Collected data entries
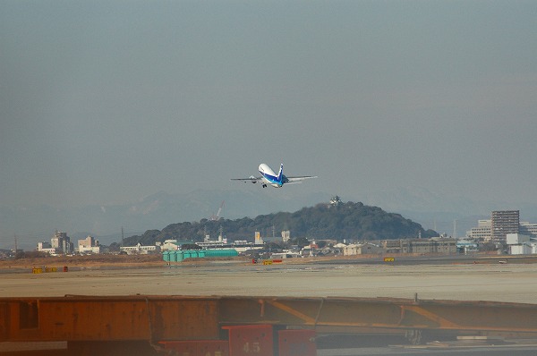 メイン滑走路から離陸し上昇を開始したANA航空機, 丁度滑走路の端くらいの
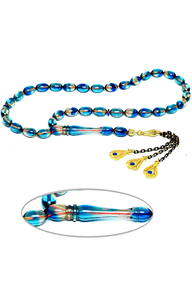 Üretildiği Malzeme : Ateş Kehribar Ana Renk : Gece Mavisi Renk Ağırlık : 20-30 gr Tane Şekli : 7x11 mm Tane Ölçüsü : Beyzi Kesim Toplam Uzunluk : 20-30 cm İmame ve Püskül Maddesi : Düşük Ayar Gümüş
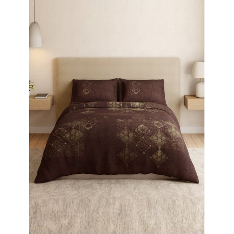 Indulge in richness with SPACES Essentials 180 TC Bedsheet in Chocolate Lab, featuring ornate Gilded Nouveau motifs in dark brown. Super soft, breathable 100% cotton safe for skin set has 274cm x 274cm sheet and two 43cm x 68cm pillow covers. Care: 40C normal wash, tumble dry low, avoid bleach and dry cleaning, warm iron if needed.
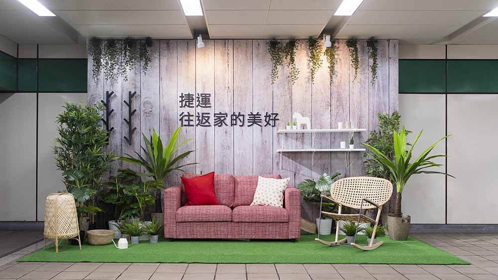 ▼七張站住宅生活圈發展快速,因應近年很夯的舒適自然風居家佈置,IKEA示範如何將大自然元素帶進家中,在票口旁運用戶外家具以及大量植栽創造了一塊綠色天地,為緊湊的生活注入一抹清新,也提供居家陽台空間的佈置靈感;站內廣場則有客廳休閒空間,使用取材自然的松木及藤製產品,創造綠意盎然的城市綠洲,讓回家的路途多了一份度假悠閒感。
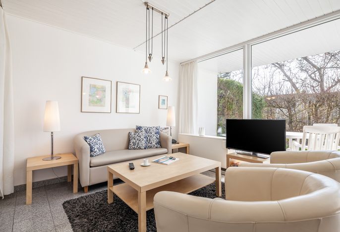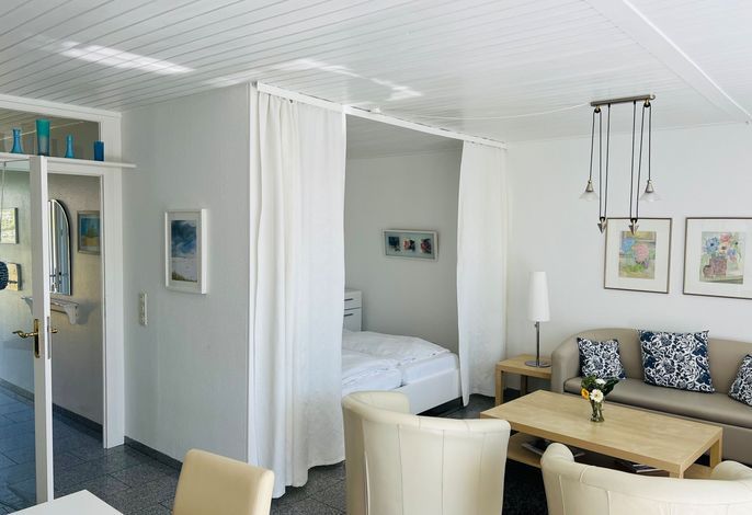Probiers mal mit Gemütlichkeit: Der gemütliche Wohnbereich bietet neben SAT-TV auch Möglichkeiten z.B. zum Lesen oder Ausruhen. Der Schlafbereich ist vom Wohnbereich durch einen Vorhang getrennt.

-- Task requirements --
Without the images, write out all of the records exactly.

-- Response area --
 メイン滑走路から離陸し上昇を開始したANA航空機, 丁度滑走路の端くらいの
 Üretildiği Malzeme : Ateş Kehribar Ana Renk : Gece Mavisi Renk Ağırlık : 20-30 gr Tane Şekli : 7x11 mm Tane Ölçüsü : Beyzi Kesim Toplam Uzunluk : 20-30 cm İmame ve Püskül Maddesi : Düşük Ayar Gümüş
 Indulge in richness with SPACES Essentials 180 TC Bedsheet in Chocolate Lab, featuring ornate Gilded Nouveau motifs in dark brown. Super soft, breathable 100% cotton safe for skin set has 274cm x 274cm sheet and two 43cm x 68cm pillow covers. Care: 40C normal wash, tumble dry low, avoid bleach and dry cleaning, warm iron if needed.
 ▼七張站住宅生活圈發展快速,因應近年很夯的舒適自然風居家佈置,IKEA示範如何將大自然元素帶進家中,在票口旁運用戶外家具以及大量植栽創造了一塊綠色天地,為緊湊的生活注入一抹清新,也提供居家陽台空間的佈置靈感;站內廣場則有客廳休閒空間,使用取材自然的松木及藤製產品,創造綠意盎然的城市綠洲,讓回家的路途多了一份度假悠閒感。
Probiers mal mit Gemütlichkeit: Der gemütliche Wohnbereich bietet neben SAT-TV auch Möglichkeiten z.B. zum Lesen oder Ausruhen. Der Schlafbereich ist vom Wohnbereich durch einen Vorhang getrennt.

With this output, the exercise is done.